## Directions for this task
Of all the lines below, output only those starting at the one with "Redchurch Cafe &" and ending at the one with "東京で昨年11月に開催された", both ends included, exactly as written.

## Supplied data
_ _ _ _ _

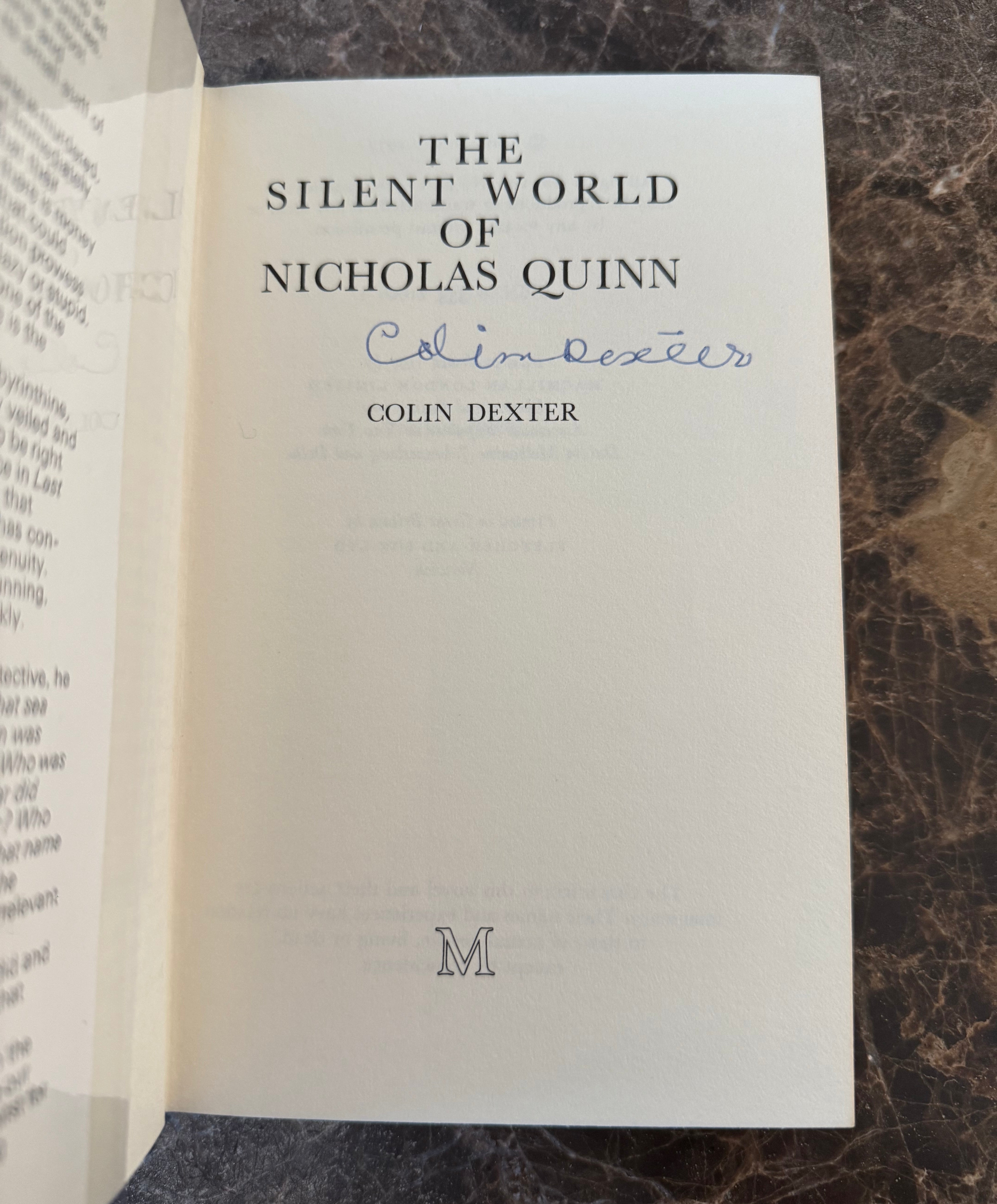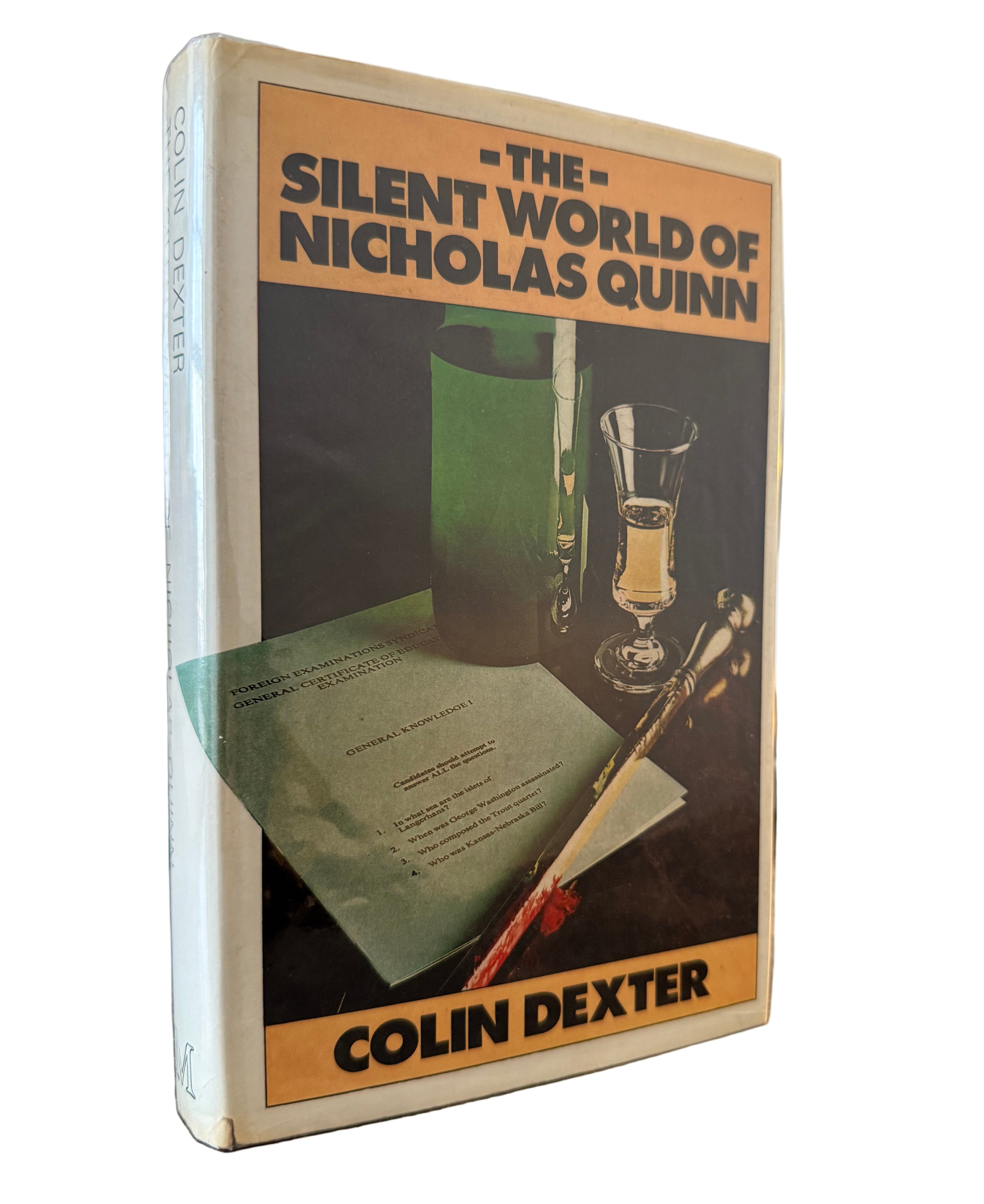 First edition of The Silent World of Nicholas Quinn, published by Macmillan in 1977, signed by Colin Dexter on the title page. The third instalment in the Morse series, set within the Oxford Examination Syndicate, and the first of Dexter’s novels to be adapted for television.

_ _ _ _ _

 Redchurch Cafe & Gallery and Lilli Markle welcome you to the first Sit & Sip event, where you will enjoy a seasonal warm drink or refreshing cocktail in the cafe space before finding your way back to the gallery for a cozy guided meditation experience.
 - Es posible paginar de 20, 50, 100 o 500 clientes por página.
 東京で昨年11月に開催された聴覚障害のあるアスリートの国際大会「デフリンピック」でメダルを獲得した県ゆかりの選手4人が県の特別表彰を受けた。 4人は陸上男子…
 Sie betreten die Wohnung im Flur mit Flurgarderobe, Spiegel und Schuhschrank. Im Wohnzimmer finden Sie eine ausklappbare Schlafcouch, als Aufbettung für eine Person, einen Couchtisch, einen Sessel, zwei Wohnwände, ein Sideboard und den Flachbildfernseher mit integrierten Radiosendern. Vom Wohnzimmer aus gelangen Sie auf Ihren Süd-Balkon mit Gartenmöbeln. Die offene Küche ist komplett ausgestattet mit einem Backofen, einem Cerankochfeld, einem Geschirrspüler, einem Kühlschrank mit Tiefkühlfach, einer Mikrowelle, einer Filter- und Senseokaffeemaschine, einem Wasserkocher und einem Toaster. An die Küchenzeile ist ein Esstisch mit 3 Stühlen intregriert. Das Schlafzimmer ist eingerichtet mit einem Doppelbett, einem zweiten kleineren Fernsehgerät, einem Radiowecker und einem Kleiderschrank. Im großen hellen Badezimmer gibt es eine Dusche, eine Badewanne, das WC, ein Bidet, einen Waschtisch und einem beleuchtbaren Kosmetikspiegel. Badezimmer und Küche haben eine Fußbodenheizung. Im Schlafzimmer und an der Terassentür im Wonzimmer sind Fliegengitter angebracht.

_ _ _ _ _

## Exercise output
 Redchurch Cafe & Gallery and Lilli Markle welcome you to the first Sit & Sip event, where you will enjoy a seasonal warm drink or refreshing cocktail in the cafe space before finding your way back to the gallery for a cozy guided meditation experience.
 - Es posible paginar de 20, 50, 100 o 500 clientes por página.
 東京で昨年11月に開催された聴覚障害のあるアスリートの国際大会「デフリンピック」でメダルを獲得した県ゆかりの選手4人が県の特別表彰を受けた。 4人は陸上男子…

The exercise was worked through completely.